## PROBLEM DESCRIPTION
Restate, word for word, the run of lines that starts at the line containing "注意:bootstrap框架" and ends with the final line of the listing. Leave pictures out.

........

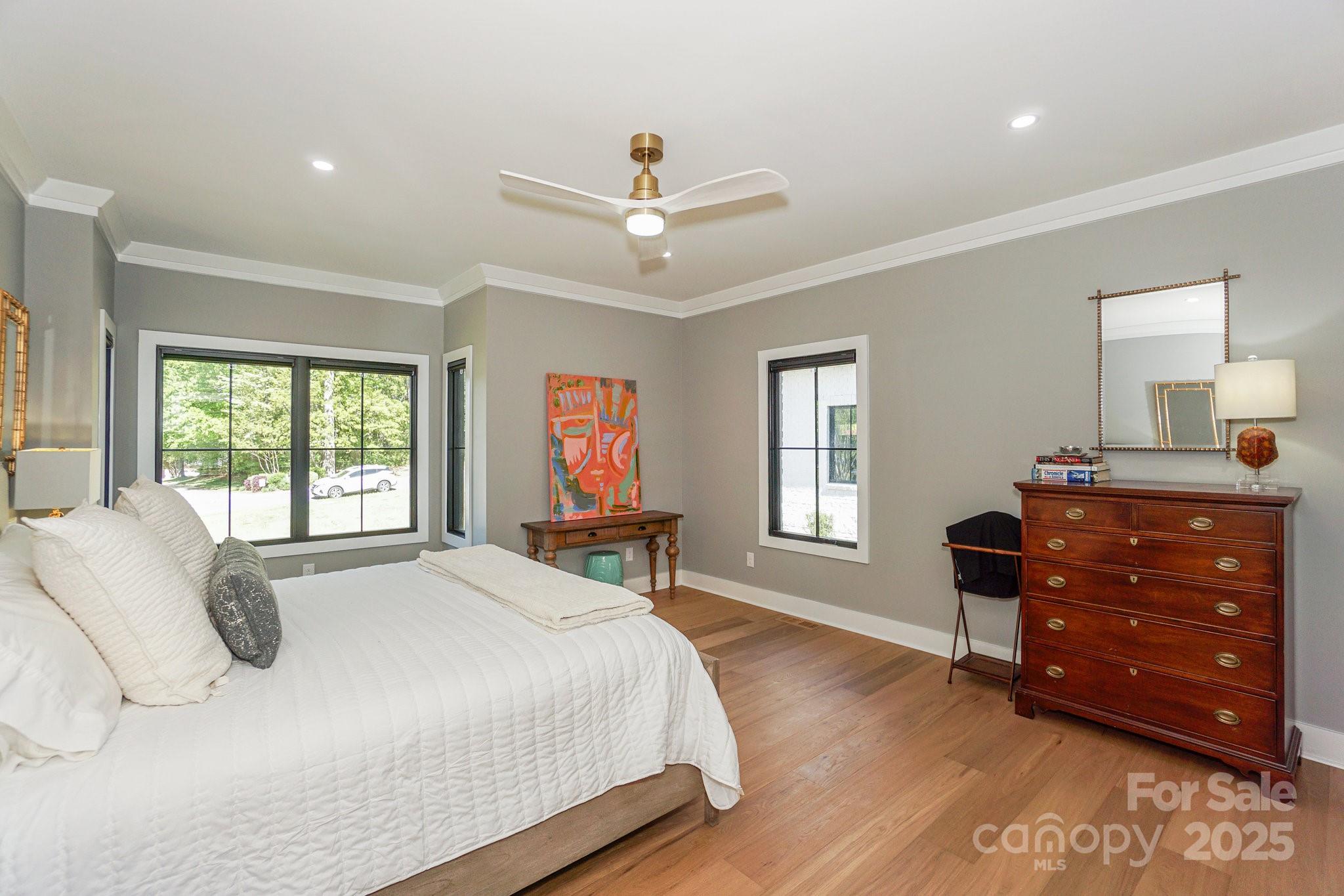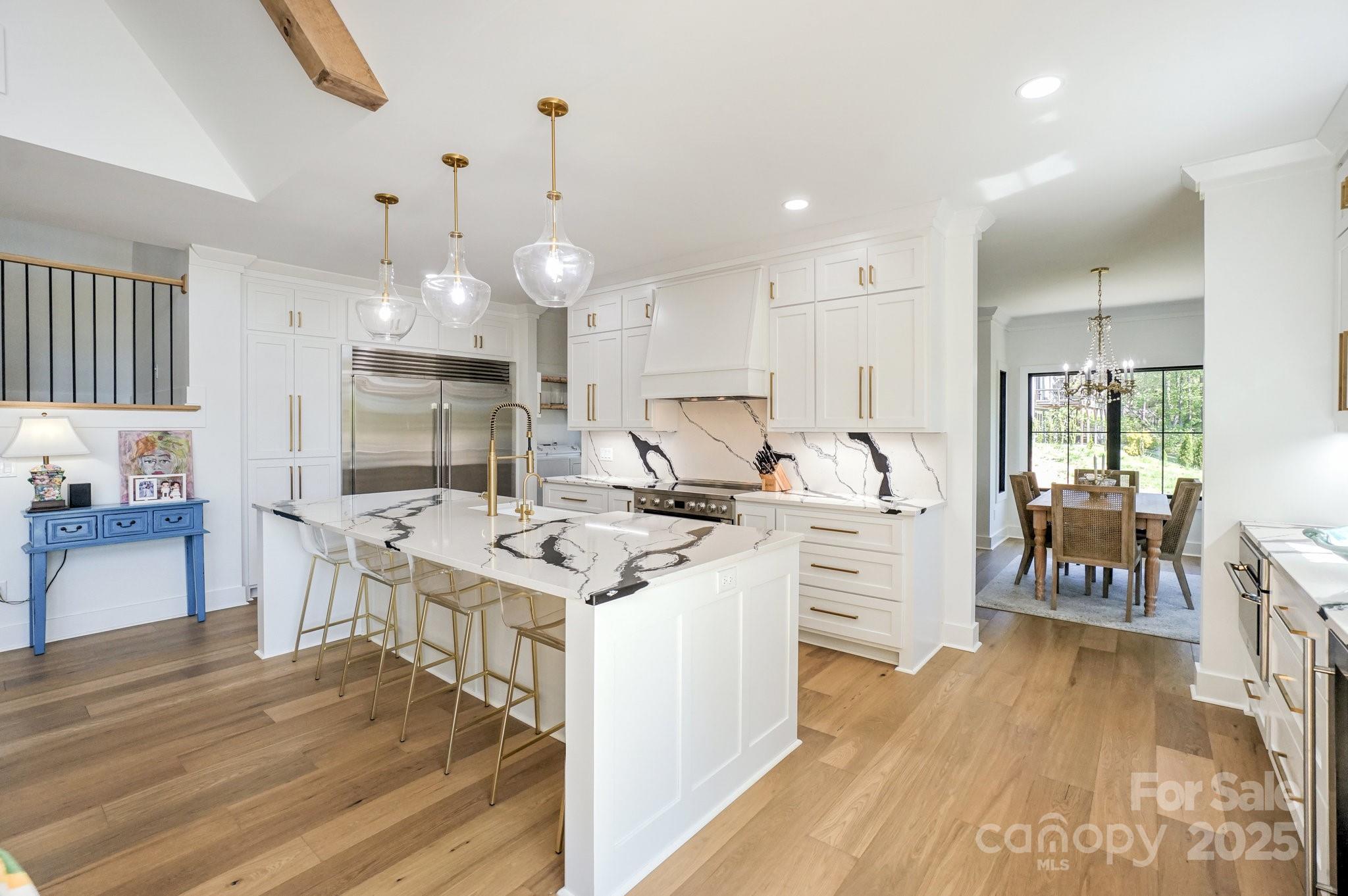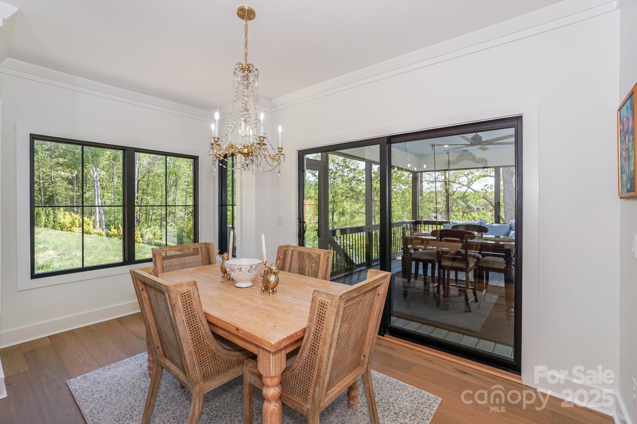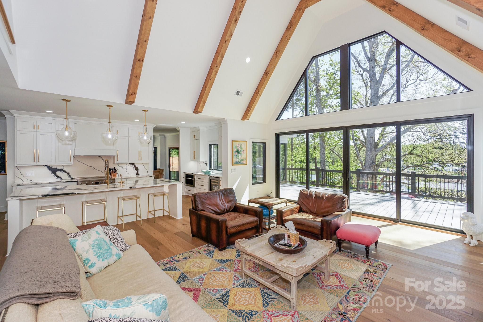 Impressive Custom Built High-quality WF Home-Only 1.5 yrs old. Enter thru Custom Iron/Glass doors into an Open Fplan featuring a Vaulted Great Room w/light wood beams, gas fpl & incredible wall of windows w/wviews. Stunning Chef's Kitchen area includes custom white cabinetry, Lg island w/bar seating, private dining rm, Butlers bar, a relaxing Sc Porch, & entertaining deck. 2 Lg Primary Bdrms on the main share a luxurious primary bath. Upstairs are 2 generous sized Bdrms,a Bonus room-ALL w/ private baths, & a Loft Area. The WF Bsmt highlights Areas for a Family Room, Exercise room, Flex Room, Full Bath w/ access to bkyd, Addl Office, as well as 2 oversized Walk-in storage areas. From the Bsmt patio, enjoy playing in the water off your private dock w/a covered boat slip, & 2 lifts. The covered area across the cove is boat storage only & NOT a Marina! Every guy will LOVE this over 1000sqft 3 car garage & how accessible all the mechanicals are for this home! Reverse Osmosis Water System.
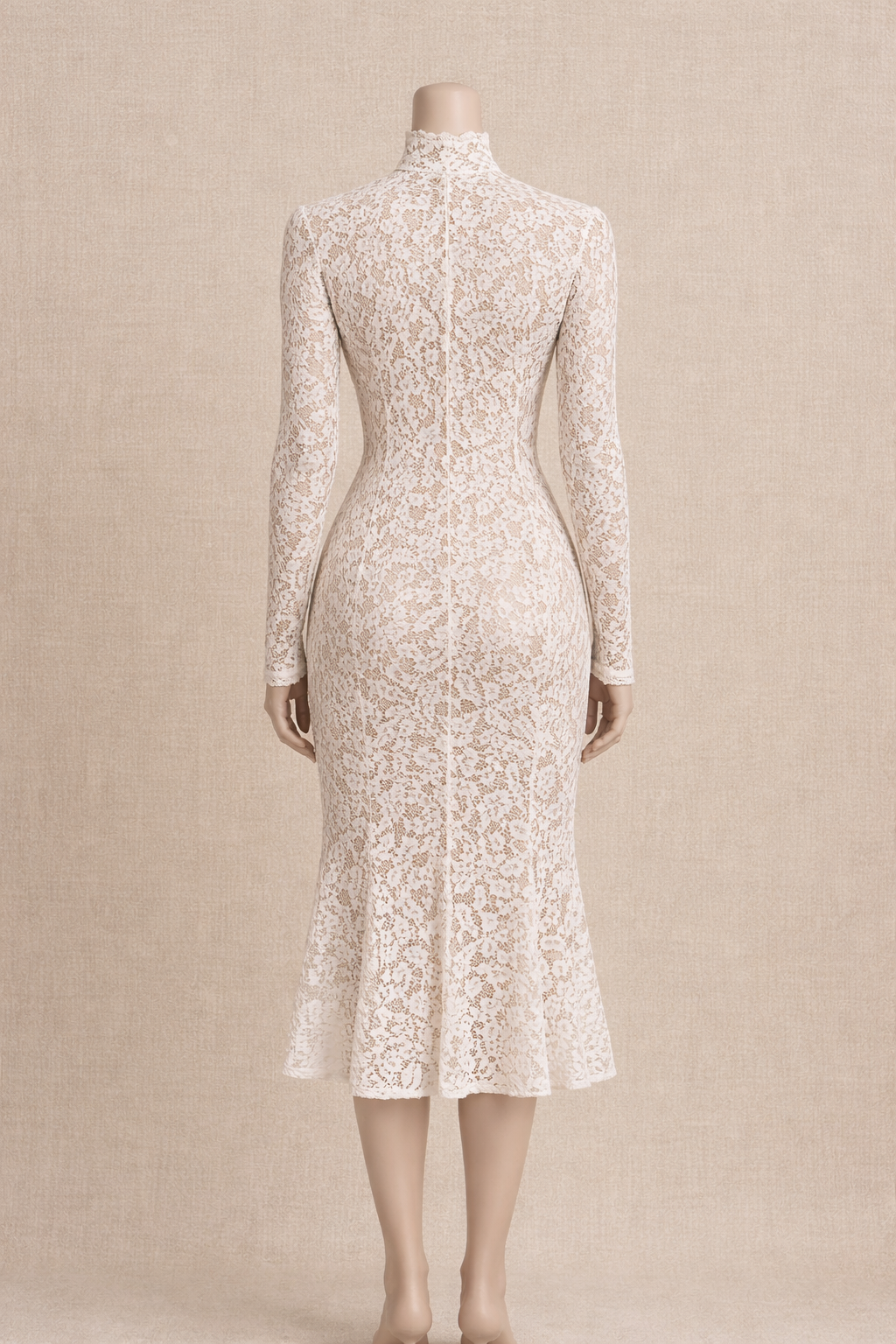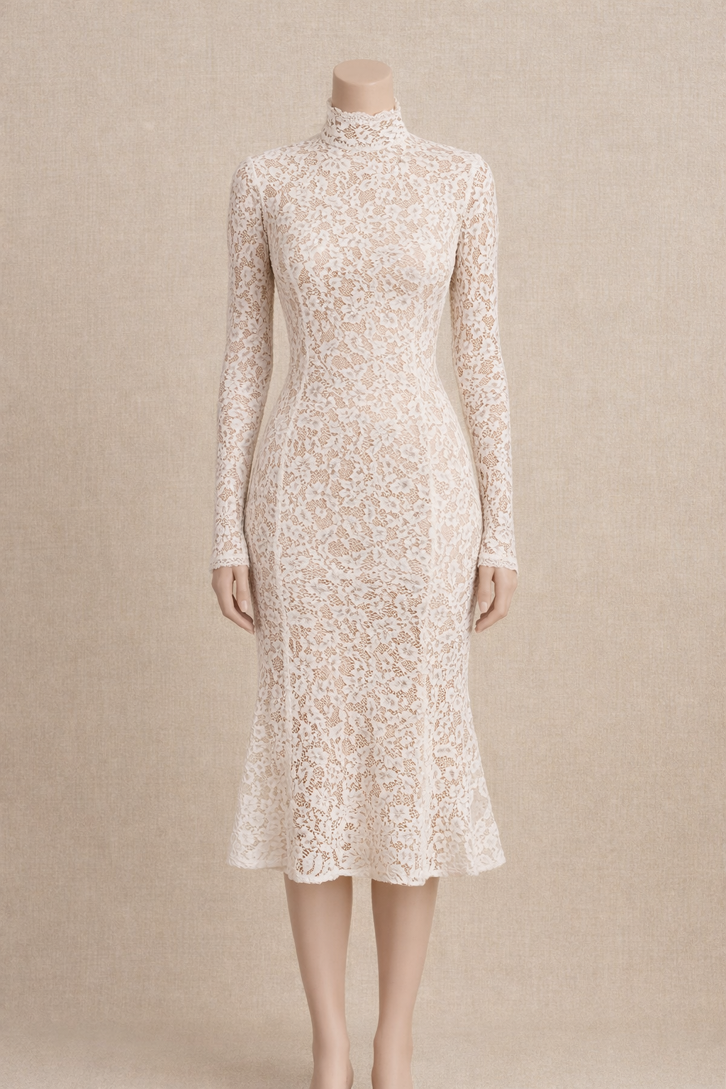 Son col légèrement montant structure le haut de la silhouette tandis que la coupe ajustée souligne naturellement la ligne. Les manches longues et la longueur mi-mollet apportent équilibre et sophistication pour la saison automne/hiver.
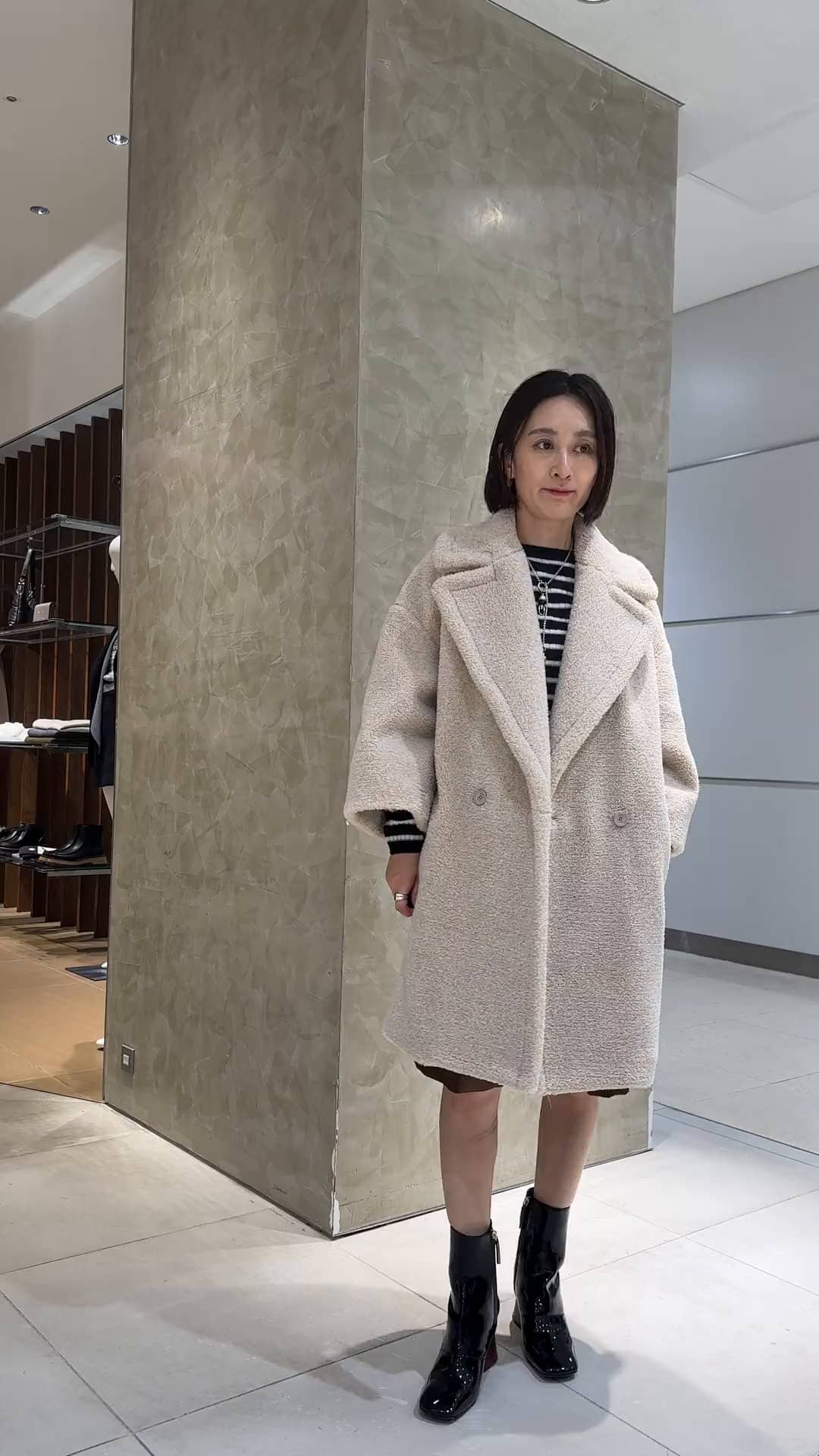 ◆styling ボアコートをカジュアルに合わせました。 ショートボトムのバランスがおすすめポイント。 ◆items HERNOボアコート すごくかるくて、あたたかいボアコートです。少し短めの袖がポイントで、コンパクトな印象で着ていただけます。裏地もあるので、真冬までご着用いただけます。
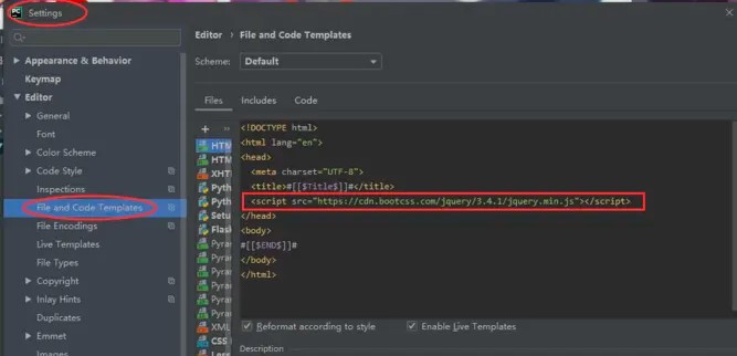 注意:bootstrap框架動態(tài)效果是基于jQuery的 也就意味著你在使用bootstrap的時(shí)候要提前先導(dǎo)入jquery,可以提前在seetings中設(shè)置好默認(rèn)
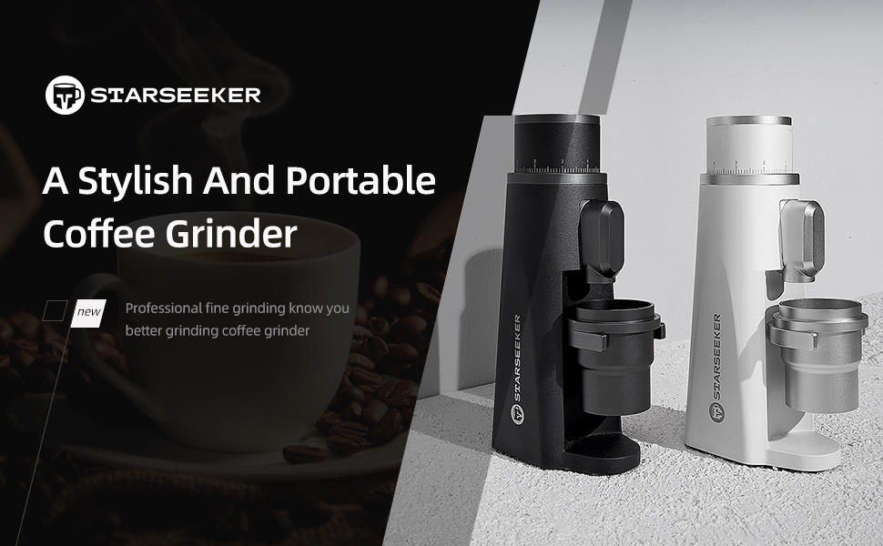 STARSEEKER EDGE Plasma Electric Coffee Grinder Aluminum Automatic Coffee Bean Grinder for French Press Drip Coffee and Espresso Removable Fineness Adjustment Magnetic Suction Port with Cup
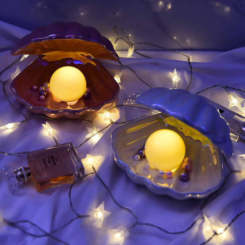 Ceramic luminous pearl bay shell small night light Bedroom bed head cabinet decorated with small swinging piece romantic girl's heart shake gift

........

## ANSWER AREA
 注意:bootstrap框架動態(tài)效果是基于jQuery的 也就意味著你在使用bootstrap的時(shí)候要提前先導(dǎo)入jquery,可以提前在seetings中設(shè)置好默認(rèn)
 STARSEEKER EDGE Plasma Electric Coffee Grinder Aluminum Automatic Coffee Bean Grinder for French Press Drip Coffee and Espresso Removable Fineness Adjustment Magnetic Suction Port with Cup
 Ceramic luminous pearl bay shell small night light Bedroom bed head cabinet decorated with small swinging piece romantic girl's heart shake gift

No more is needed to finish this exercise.